Only because all is not ‘for the best’ – far from it – is a religion of transformative redemption the recipe the world is looking for without being aware of the fact. Only an Incarnation that promises universal repair – the regeneration of wills enmeshed in moral evil, the harmonisation of nature with happiness by the abolition of physical evil – can serve our turn. If Scripture opens with genesis, it ends in apocalypse. Only when, at the End of the ages, the Spirit and the Bride say ‘Come’ to the Lamb who was slain, 3 does heaven descend to earth – which can also be described with equal justice as the entry of earth into heaven.

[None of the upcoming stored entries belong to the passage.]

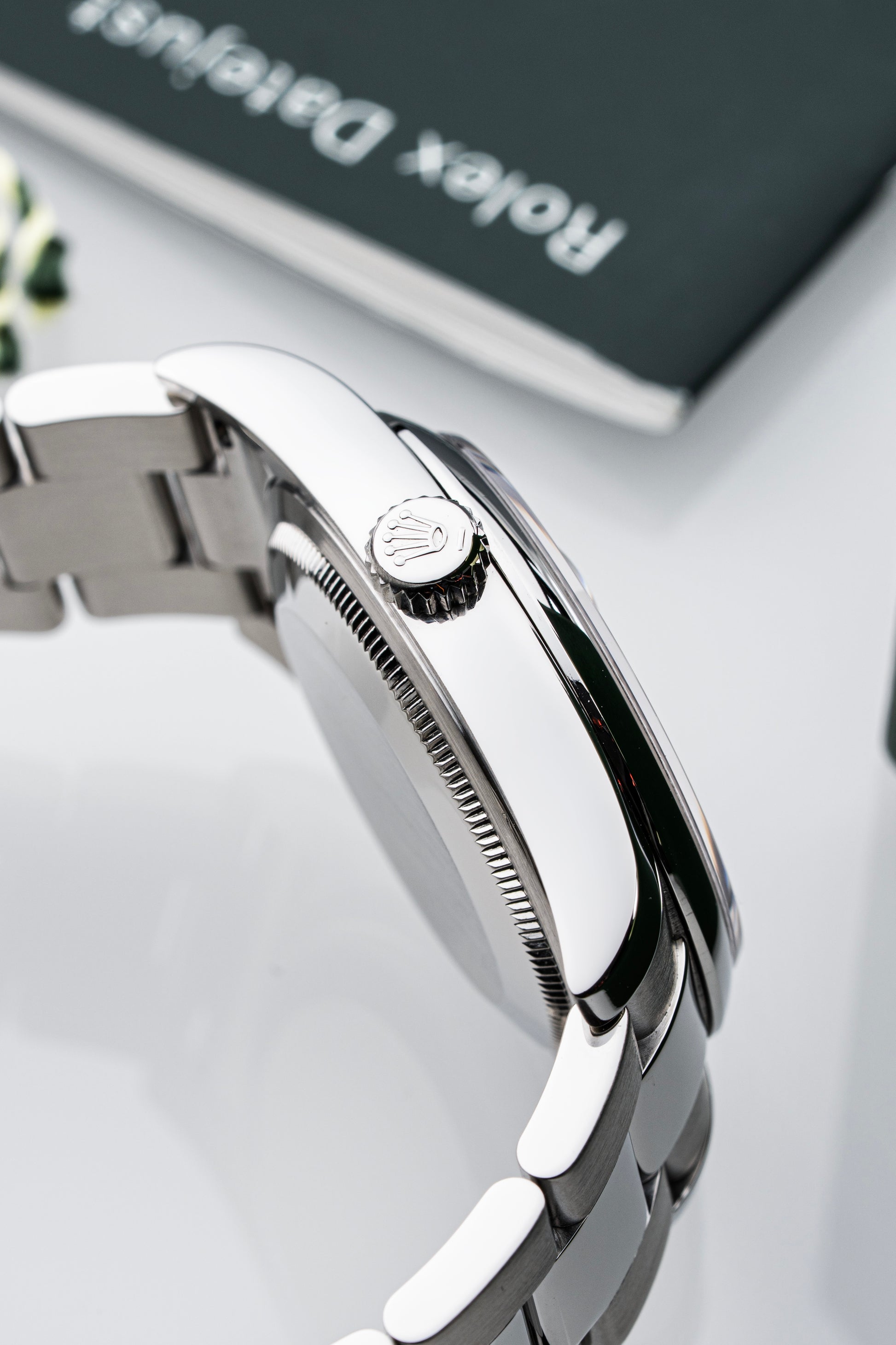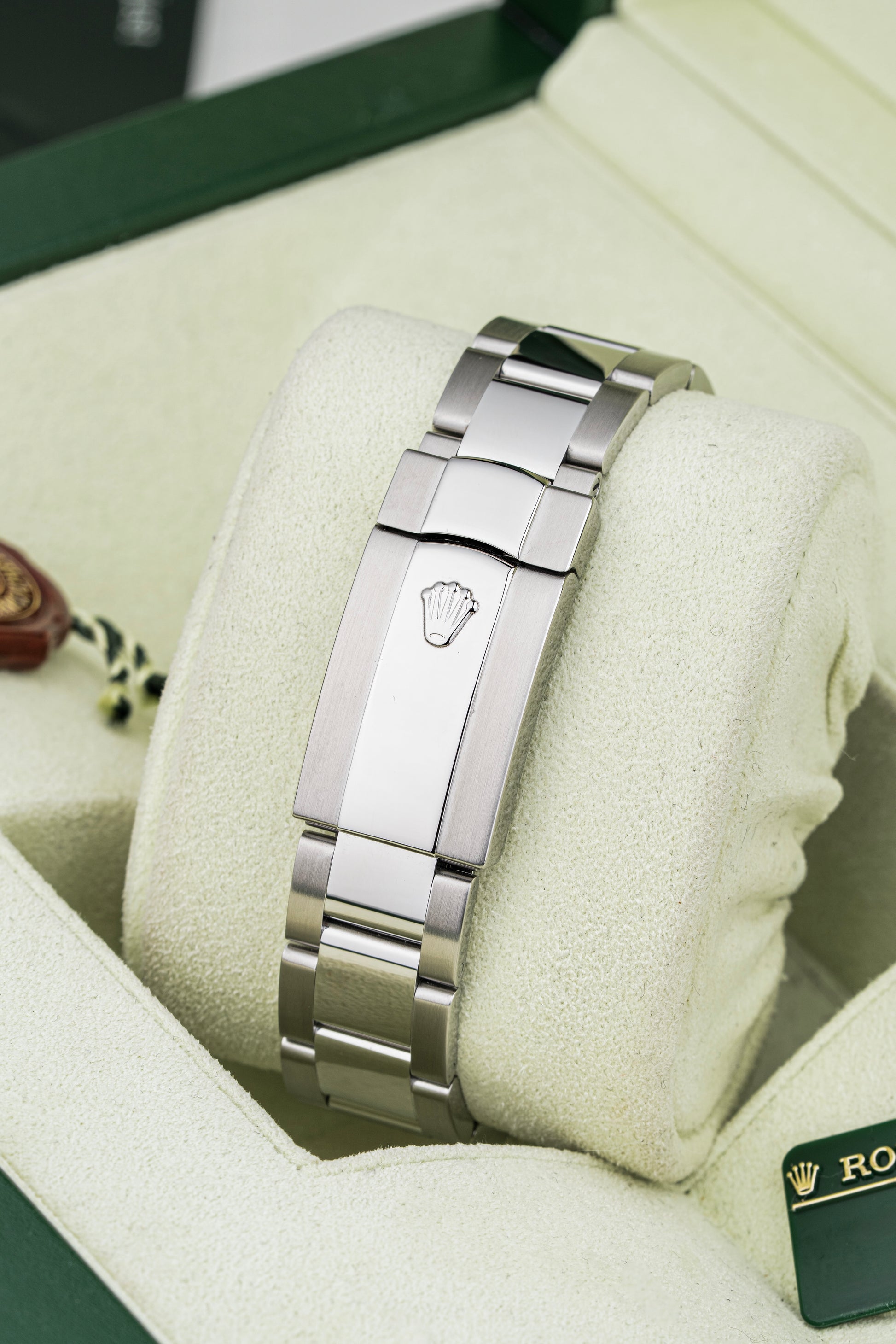 Fitted to the watch is a stainless steel Oyster bracelet, featuring solid links for improved durability and a secure Oysterclasp for everyday confidence and comfort.
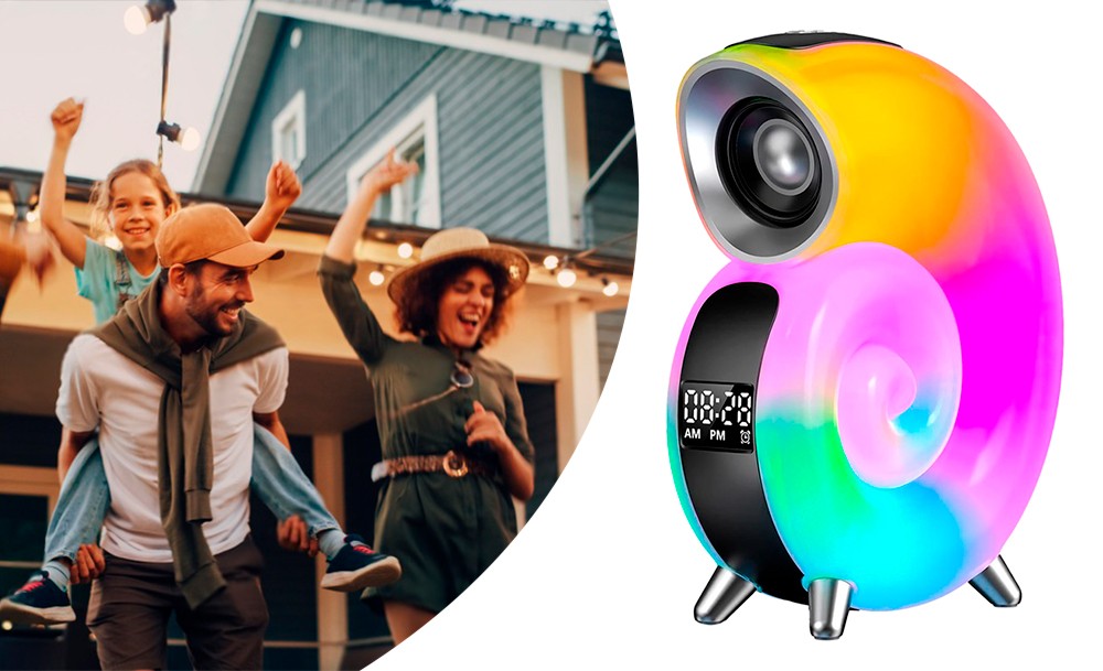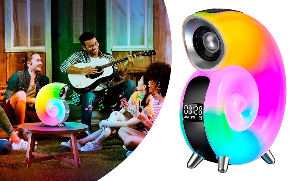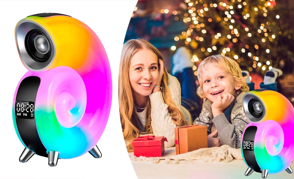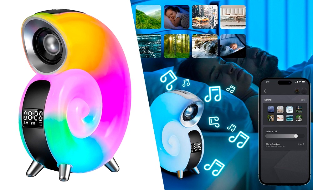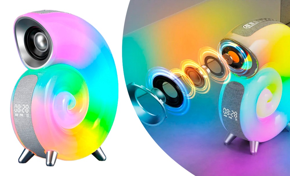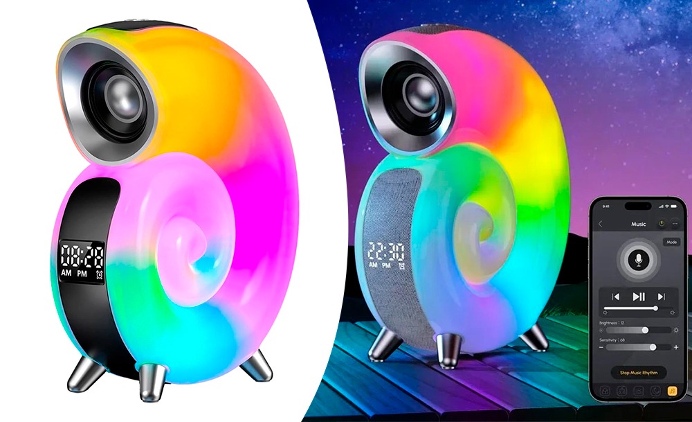 Портативная смарт-колонка Light Sound Machine N70 создает атмосферу и идеальное настроение для любой комнаты. Лампа оборудована Bluetooth, часами, будильником, LED подсветкой и приложением для управления через смартфон.
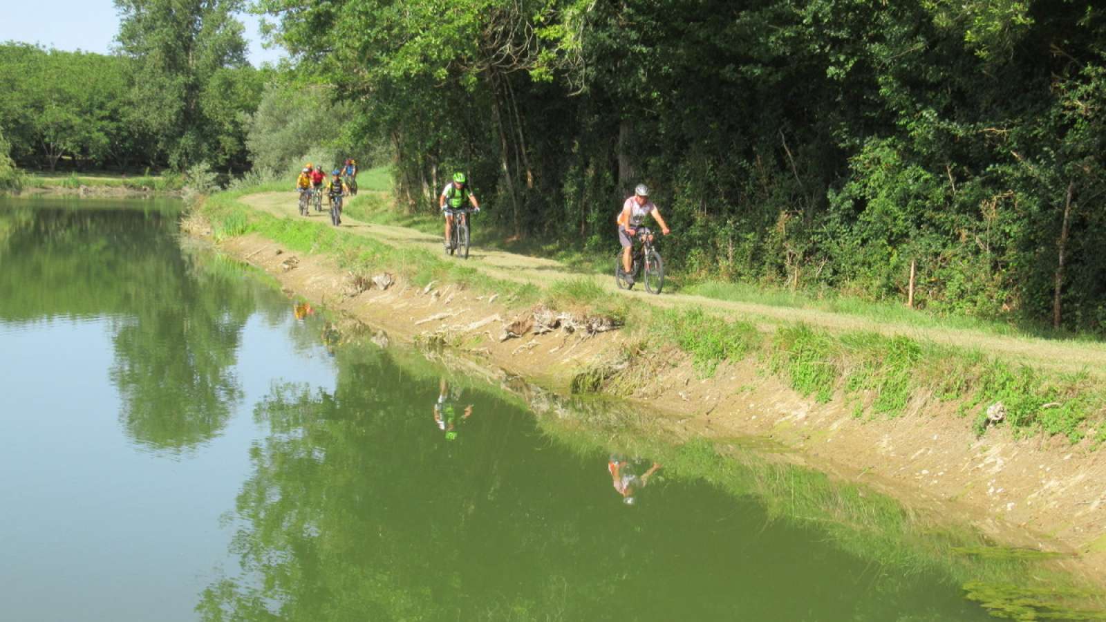 Enfilez votre plus belle tenue de cycliste et profitez d’une balade revigorante au milieu de la campagne charentaise. Vous partirez à la rencontre de sous-bois, de prairies et de cours d'eau, le tout, avec une facilité déconcertante. Rendez-vous au lieu dit Saint-Martial ! Garez votre véhicule sur le parking de la place de l’église. Vous trouverez sur place un panneau d’information, vous indiquant les points d’intérêts à visiter aux alentours, ainsi qu’un coin enherbé et une table de pique-nique pour vous restaurer. Quittez maintenant le village et prenez la direction de Bonnes au Sud-Est. Tendez l’oreille sur le trajet ! Des rouges-gorges, des coucou gris, des chardonnerets élégants et des geais des chênes seront de la partie. Ces oiseaux viendront charmer vos oreilles dès les premières lueurs de l’aube. Lorsque vous aurez contourné le bois du Roi, orientez-vous vers le Nord-Est et longez la Dronne. Vous arriverez près d’un lieu-dit "Les Champs". Tournez à gauche et regagnez le village de Saint-Martial.

For the Father, as the Nicene Symbol now asserts, is ‘Maker of heaven and earth’, of ‘all things visible and invisible’. The Church Fathers take ‘the heavens’ to mean the realm of the angels, another dimension to a universe already (even for the ancients and medievals) mindblowingly vast. The angels exist in perfect integrity of being, with minds and wills thoroughly ‘oned’ with God. The wedding of heaven and earth will be the entry of the visible world into those angelic conditions of creaturely wholeness and Godly union.